Multi-objective performance optimization of regenerative S-CO2 Brayton cycle based on neural network prediction

The regenerative supercritical CO2 Brayton cycle (RSCBC) has great development potential in waste heat recovery and utilization, and it is necessary to carry out performance analysis and optimization. This article first applies the theory of finite time thermodynamics to establish a RSCBC model with finite temperature difference heat transfer, irreversible compression, irreversible expansion and other irreversible factors under variable temperature heat source conditions, and then uses the data samples to construct the corresponding neural network model. Based on the NSGA-II algorithm, the working fluid mass flow rate, the pressure ratio, the heat conductance distribution ratios of the regenerator and the heater are chosen as optimization variables, multiobjective optimization is carried out with the goals of cycle thermal efficiency, net power output, ecological function and exergy efficiency. The results show that the use of neural network models to predict cycle performance can save a lot of calculation time compared to traditional calculation methods; after optimization, the positive ideal point is not on the Pareto front, which shows that the four optimization objectives are mutually restricted and affect each other.
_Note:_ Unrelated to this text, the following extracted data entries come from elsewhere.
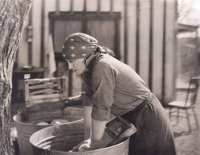 Стирка в прошлом — особенно зимой, в холодной воде — была настолько изнуряющей, что могла использоваться как наказание для провинившихся крестьян. Женщины, по несколько часов стоя в холодной воде, буквально стирали пальцы в кровь и нередко заболевали. Для отбеливания использовали растворы с высоким содержанием щёлочи и аммиака, что негативно сказывалось на здоровье. Этот труд требовал не только физической силы, но и изобретательности — простых способов для поддержания гигиены одежды тогда не существовало.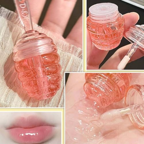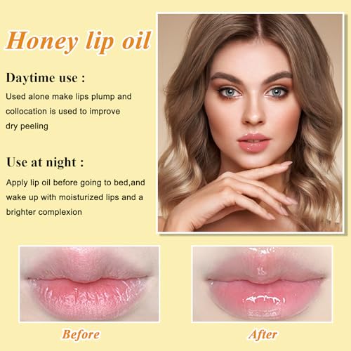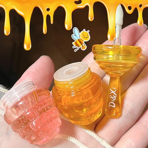 Honey Lip Oil Set,2 PCS Lip Gloss Moisturizing Liquid Lipstick,Glossy Lip Make Up Comfort Clear Lip Oils Cute Lip Balm Set Honey Flavors for Women and Girls
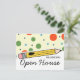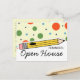 A postcard featuring a design on front consisting of polka dots in various sizes an colours and a yellow pencil. Text reads "REMINDER: Open House." Personalise the back with details of your event.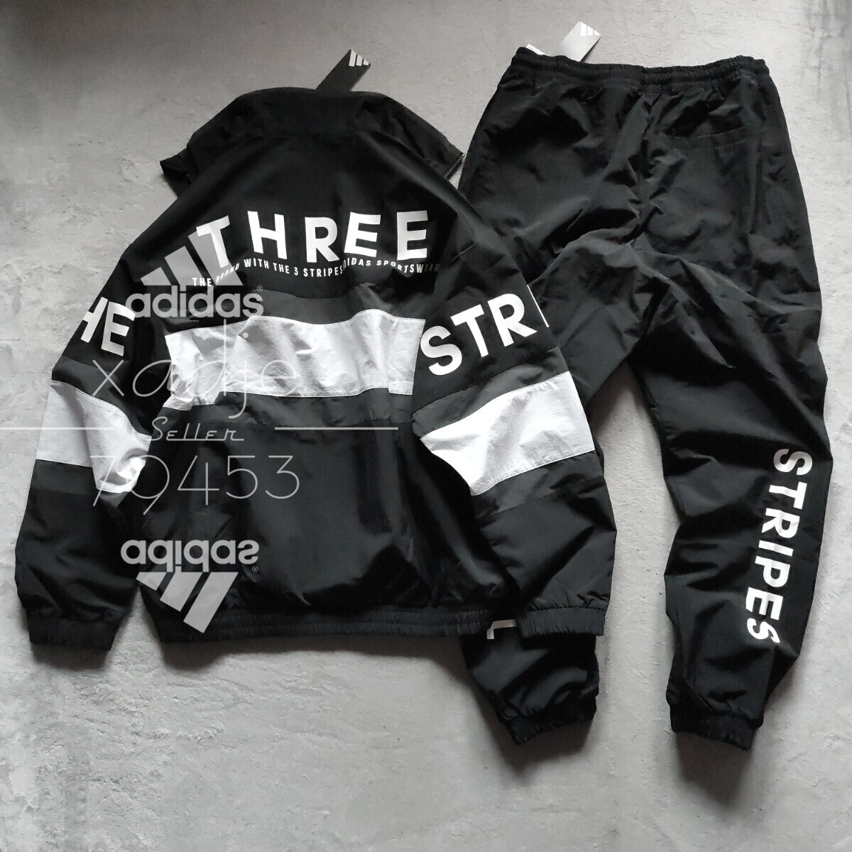 > 新品 正規品 adidas アディダス 上下セット ナイロン セットアップ 裏地メッシュ付き 薄手 黒 ブラック グレー 定価 18040円 ゆるめ 3XL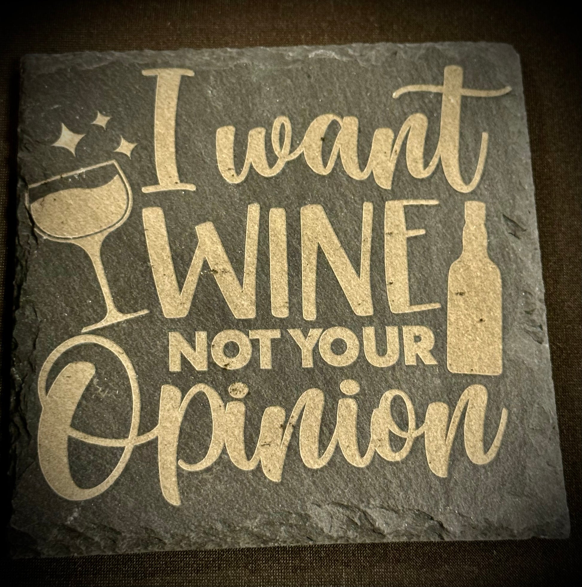 I Want Wine, Not Your Opinion Slate Coaster – Engraved Stone Art

The results by using Shannon Entropy method for decision-making have a lower deviation index, and those by using TOPSIS and LINMAP methods for decision-making are consistent with each other; for the results by using Shannon Entropy method for decision-making, the cycle thermal efficiency and net power output can reach 38.4% and 12.047 MW respectively, which can be increased by 31.15% and 43.29% compared to those for the initial design point respectively, and the ecological function and exergy efficiency can reach 7.6274 MW and 73.2% respectively, which are 4.2588 times and 33.75% higher than those for the initial design point respectively. The obtained results can provide some guidance for the optimal design of the RSCBC in real engineering.